Is it necessary to use packed sequences for variable length RNN inputs, utilizing mini-batch training

Hey all

I’m currently in the process of looking at padding time-series for an LSTM implementation of mine and I’m trying to wrap my head around the use of packed sequences. I’m wondering why I shouldn’t just pad my sequences with float(‘nan’), and then search for nan in the output and use that to filter my loss function? This may be specific for my case, but I only care about the final output at the end of my time-series, so, for example in the below code, could I not just use the known lengths of my sequences to pull out the values just before the 'nan’s and use that to calculate my loss?

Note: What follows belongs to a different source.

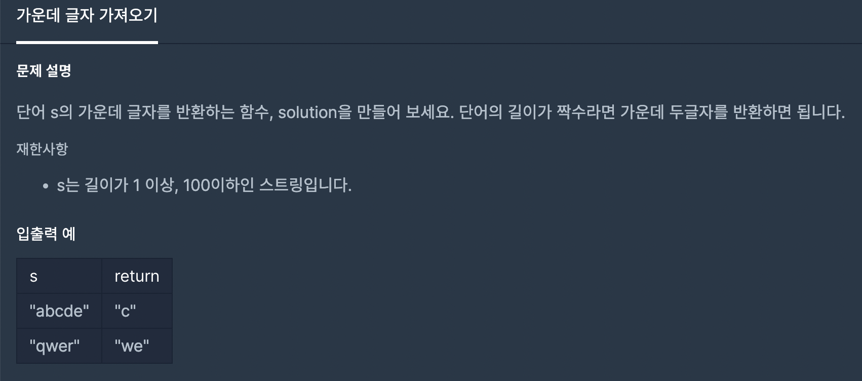 고민하다보니, 길이를 2로 나누었을 때, 몫이 가운데이고, 길이가 짝수인 경우에는 몫과 그 앞의 문자와 함께 가운데이다.

In [66]: x = [[3,5,6,4,float('nan')],
    ...:     [3,5,4,float('nan'),float('nan')],
    ...:     [4,5,6,7,5]]

In [70]: xT = torch.tensor(x).view(3,5,1)

In [73]: lstm = nn.LSTM(1,3,1,batch_first=True)

In [75]: o,_ = lstm(xT)

In [77]: lin = nn.Linear(3,1)

In [78]: lin(o)
         [    nan]],

         [    nan],
         [    nan]],


My apologies if this is a stupid question, I’m still kind of new to pytorch and would like to understand this.


Hey @Clint , did you find a solution ? I’m stuck on the same problem , I’m using a time series and cannot pad with 0.